EE265 Lab 2: Working with Hardware

Winter 2008-2009
Instructor: Teresa Meng


I. Purpose:

This lab introduces real-time programming on the C5509 EVM board. Hardware-related issues, real-time programming concepts, constraints, and limitations will be discussed. We will take a closer look at the EVM board by generating a waveform and observing the output. The waveform that is generated will also be fed back to the input of the EVM board to be digitized and analyzed. This effectively measures the distortion introduced by the Analog Interface Circuitry (AIC) on the EVM board. This lab will attempt to relate these experiments to what you learned from the lecture on analog interface and signal reconstruction. Finally, this lab will introduce some experiments on sampling theory and quantization to give you an idea of how they affect the signals.

II. Introduction:

A. Real-Time Processing

The main purpose of this lab is to introduce real-time programming on the TI C5509 evaluation module (EVM) board. The method we introduce here will be used in the rest of this lab course. In order to do real-time programming, we must be able to acquire real-time inputs and generate real-time outputs. In the lab exercises we will do, we want to use analog signals (such as an audio source) as our input and we would like to generate analog signals (audio signal) as our output.

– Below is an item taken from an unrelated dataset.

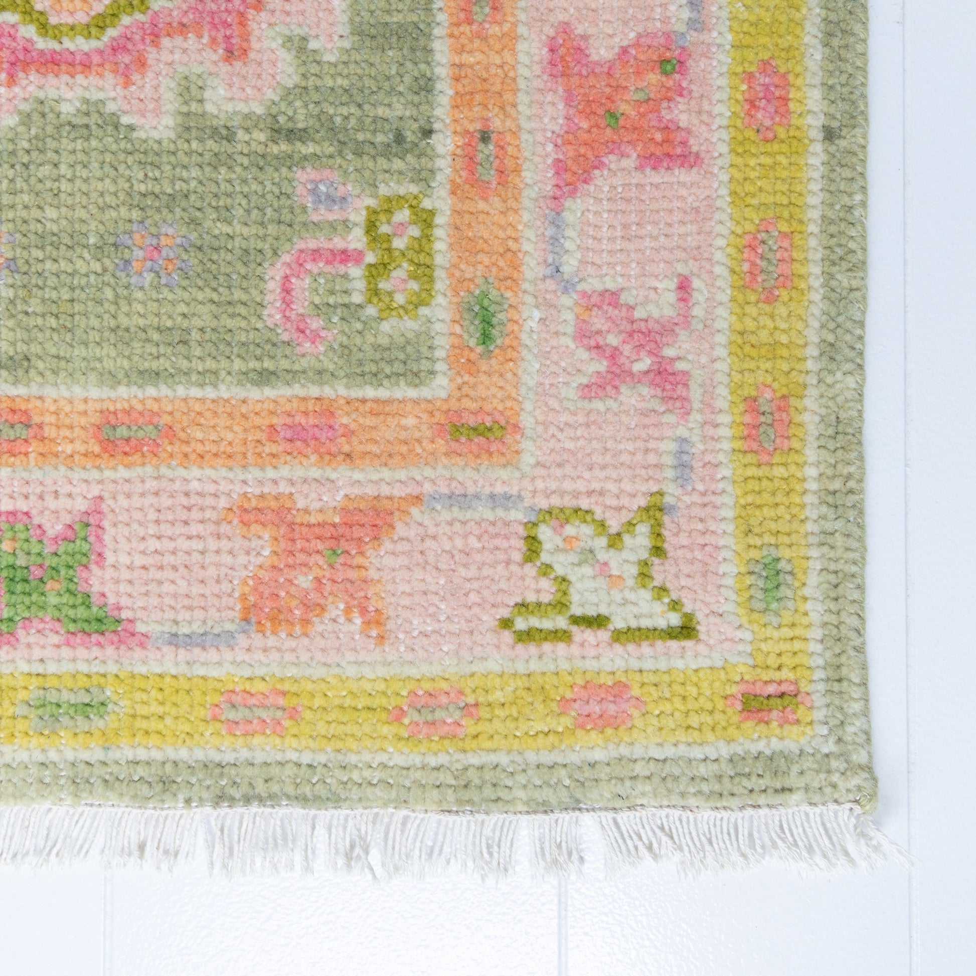 The Hillside Mini is full of warmth and personality. Hand-knotted from 100% wool in soft sage, blush, and citron tones, it brings color, texture, and character to small spaces.

The C5509 itself does not have any analog inputs or outputs, so it can only deal with digital input and outputs. This means that any inputs must be converted to digital form before being passed to the C5509. Also, any output from the C5509 can only be digital, so some external hardware must be needed to convert the digital output to analog form. This means that the analog interfacing is actually handled by hardware on the EVM board.

 

This process ensures that the application is not notified until all required conditions are met, so the input and output pipes are effectively synchronized.

 

B. Analog Interface

The C5509 EVM board uses the AIC23B. Detailed information on the AIC is given in TLV320 AIC23B Data Sheet. You will not need most of the information given in the data sheet as the data sheet is intended for the board designers.

 

III. Readings:

Section 2.2, "Pipe or PIP Module"

Section 3.1, "About the Example"

Section 3.3.2 "Audio Sampling Rate"

IV. Lab Exercises:

This lab will take you step by step through setting up a real-time DSP code capable of processing audio-band signals. Once the framework for handling real-time data is setup, you will then implement a waveform generator to generate a sine wave to the output of the DSP. You will also write a waveform recorder to record signals and see the effect of the sampling/quantization process on their spectrum. Finally, you will play with different sampling rates and quantization schemes to see for yourself what kind of effects they introduce.

A. Setup

Although the DSP/BIOS can assist you in configuring the processor, the interrupts, and the serial ports, the DSP/BIOS still requires a fair amount of setup work in order to get it working correctly. This section goes through the setup step by step. We could have provided you an entire project template with all of this done for you, but it is important for you to understand what goes on behind the scene since you will be repeating the same procedure in later labs. The following sections describe how to set up the DSP/BIOS to read data to/from the analog interface chip, and how to configure the various program elements that are used for the rest of the lab.

 

Setting up the Project

Follow the procedure given in lab 1 to start CCS.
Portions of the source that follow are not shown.